Nowadays byk dgq pasal kes block whatsapp/facebook...
So mai berkongsi pengalaman, tentang block sana sini
Ada jugak kes block ni tak melibatkan Ex, so lets share


I Was blocked
Did your Ex block you on Facebook or WhatsApp?
Before i tell you what this means i first have to tell you that worrying about the actions of your Ex is a sign that you didn't fullyrecover from the breakup.
In my previous article Signs that your Ex has moved on i said that when people fully recover from a breakup they become indifferent not angry or needy.
The fact that you have been following your Ex's news and actions shows that you are still holding something towards them in your heart.
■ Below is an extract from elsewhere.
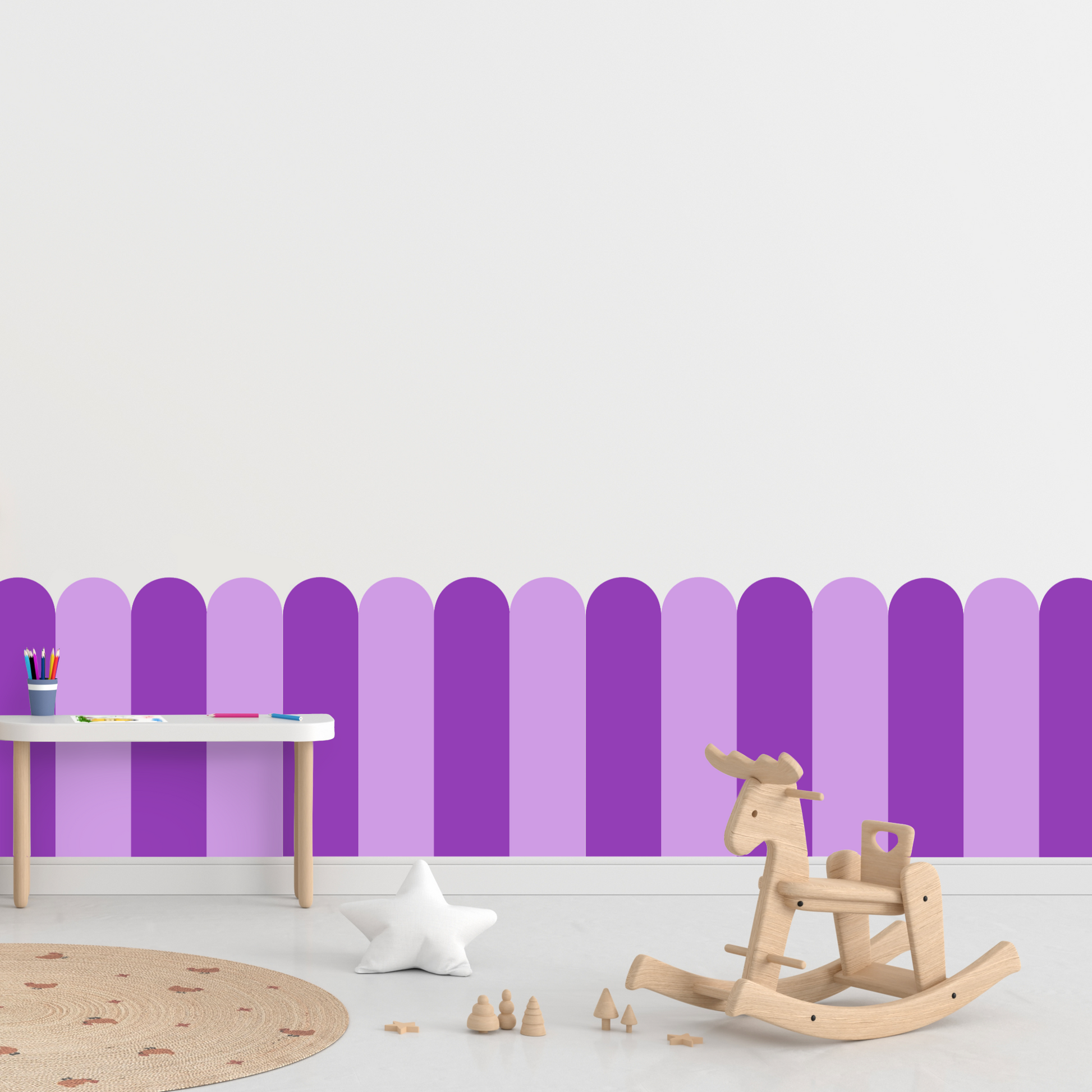 Add a modern and stylish touch to your space with our Self-Adhesive Textile Wallpaper – Arch – Purple Shades! 💜 Its simple yet elegant design makes it perfect for kids’ rooms, playrooms, or any area that needs a fresh and cozy atmosphere. The smooth arch pattern in harmonious purple tones creates a structured, balanced look that complements any interior.

A person can block his Ex for many reasons but in most cases those reasons will fall under one of two major categories. The first is still caring about you.
If a person still cares about someone then he will still think of ways to harm him or seek vengeance. In my book How to get over anyone in few days i said that one of the stages of recovery is anger and if a person didn't manage to pass through that phase fast then recovery will be delayed.
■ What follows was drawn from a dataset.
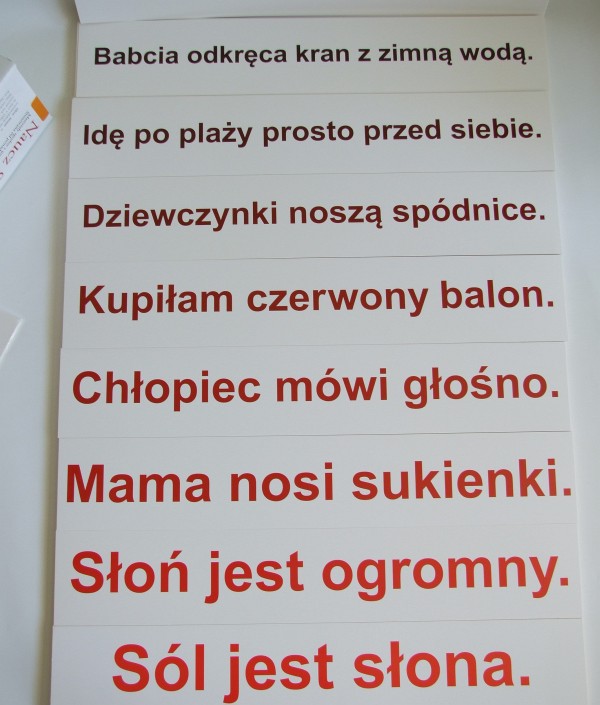 116 kart ze zdaniami przygotowującymi dziecko do czytania pierwszych książeczek. Dziecko w naturalny sposób uczy się przyimków (na stole, do domu, nad jezioro, itp.)

In other words the anger of your Ex is a sign that you are still a bit important. This importance however doesn't always mean your Ex wants the relationship back for simply it can mean that your Ex wants vengeance.
Your Ex could have also blocked you to help themselves recover. After all if your Ex didn't fully recover then anything related to you might hinder recovery. If you post often on social networks then your Ex might feel like blocking you to close all open doors and to speed up recovery.
The second one is not wanting to hear from you again because you are being very pushy. If you are bombarding your Ex with messages and calls then at one point your Ex might get fed up and feel like wanting to block you.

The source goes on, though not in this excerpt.